Aku sedang memotong-motong ikan yang isi perutnya sudah kubersihkan, ketika kucing itu datang. Kucing yang tak kukenal. Ia mengintip aktivitasku dengan wajah yang nampak penasaran.
Setelah ikan kubumbui dan kubiarkan sejenak, aku ingin melihat kucing itu lagi. Eh dia masih ada. Posisinya masih sama seperti tadi. Raut wajah yang polos dan nampak penasaran dengan gerak-gerikku.
Milik siapa ya kucing ini? Lewat mana kucing ini masuk?
Aku langsung merasa malu dengan diriku. Jendela di dapur masih terbuka lebar.
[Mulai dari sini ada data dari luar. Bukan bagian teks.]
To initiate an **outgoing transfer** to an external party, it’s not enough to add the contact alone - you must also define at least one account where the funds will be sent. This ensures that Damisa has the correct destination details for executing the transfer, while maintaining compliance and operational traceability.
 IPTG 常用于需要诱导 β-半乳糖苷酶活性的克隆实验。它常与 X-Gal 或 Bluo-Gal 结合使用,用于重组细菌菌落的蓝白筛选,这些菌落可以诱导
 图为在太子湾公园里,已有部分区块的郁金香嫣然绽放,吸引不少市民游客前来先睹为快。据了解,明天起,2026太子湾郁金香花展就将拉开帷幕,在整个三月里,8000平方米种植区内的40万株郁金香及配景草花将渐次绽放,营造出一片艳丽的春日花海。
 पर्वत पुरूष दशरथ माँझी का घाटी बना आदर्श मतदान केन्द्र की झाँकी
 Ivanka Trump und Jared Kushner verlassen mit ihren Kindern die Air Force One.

Jadinya alasan paling masuk akal ya si kucing lewat jendela tersebut.
Kucing ini masih memandangku. Kemudian perhatiannya teralihkan dengan potongan ikan yang kumarinasi. Hidungnya nampak bergerak-gerak lucu. Ia mengendus-endus.
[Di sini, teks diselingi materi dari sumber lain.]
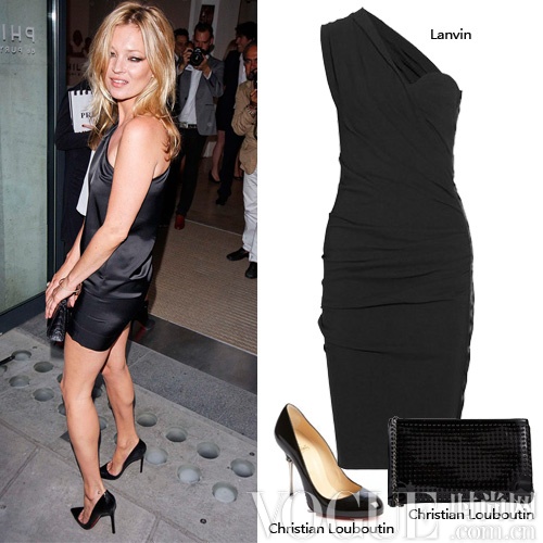 KateMoss身穿黑色单肩包臀礼服,宽松的真丝材面料在上半身形成自然垂褶,让极简的裙子层次丰富了许多,及臀的长度凸显出Kate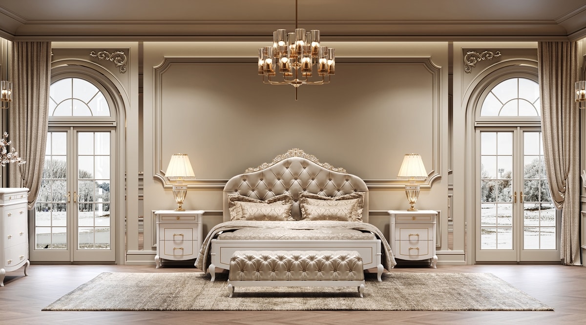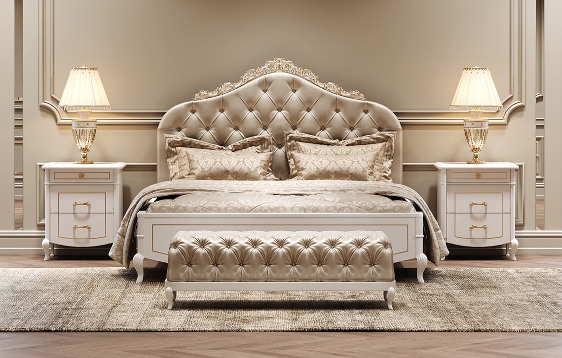 Das Gefühl von Luxus, das Bellini Royal ausstrahlt, ist ein visuelles und haptisches Erlebnis von überwältigendem Vergnügen: Ein Schlafzimmer von großer Exklusivität und Vornehmheit. Reich an kreativen Details, geprägt von aufwendiger Schnitzerei und sorgfältig ausgewählten Materialien. Mit goldenen oder silbernen Details, handgefertigten Ausführungen aus Bruyèreholz oder weiß lackiert.

Omong-omong ternyata ia berjinjit dengan kaki belakangnya selama ini. Ia naik kursi, lalu menggunakan dua kaki belakangnya sebagai tumpuan untuk melihat sekelilingnya, alih-alih melompat dan duduk di meja.
Oh, ia kucing yang sopan.
Lima menit, sepuluh menit berlalu. Si kucing mulai pegal dan kemudian menurunkan kaki depannya. Ia bergaya ala roti tawar di kursi
Eh dia kucing siapa ya? Ia nampak begitu percaya diri masuk ke rumah yang pemiliknya tak dikenalnya.
Mulailah aku menggoreng ikan dengan minyak sedikit. Aku suka sekali menyantap ikan ekor kuning yang digoreng agak kering. Sebentar lagi nasi matang. Sambil menunggu kedua sisi ikan matang, aku menyiapkan lalapan mentimun dan selada plus sambal tomat. Ooh makan siangku akan luar biasa.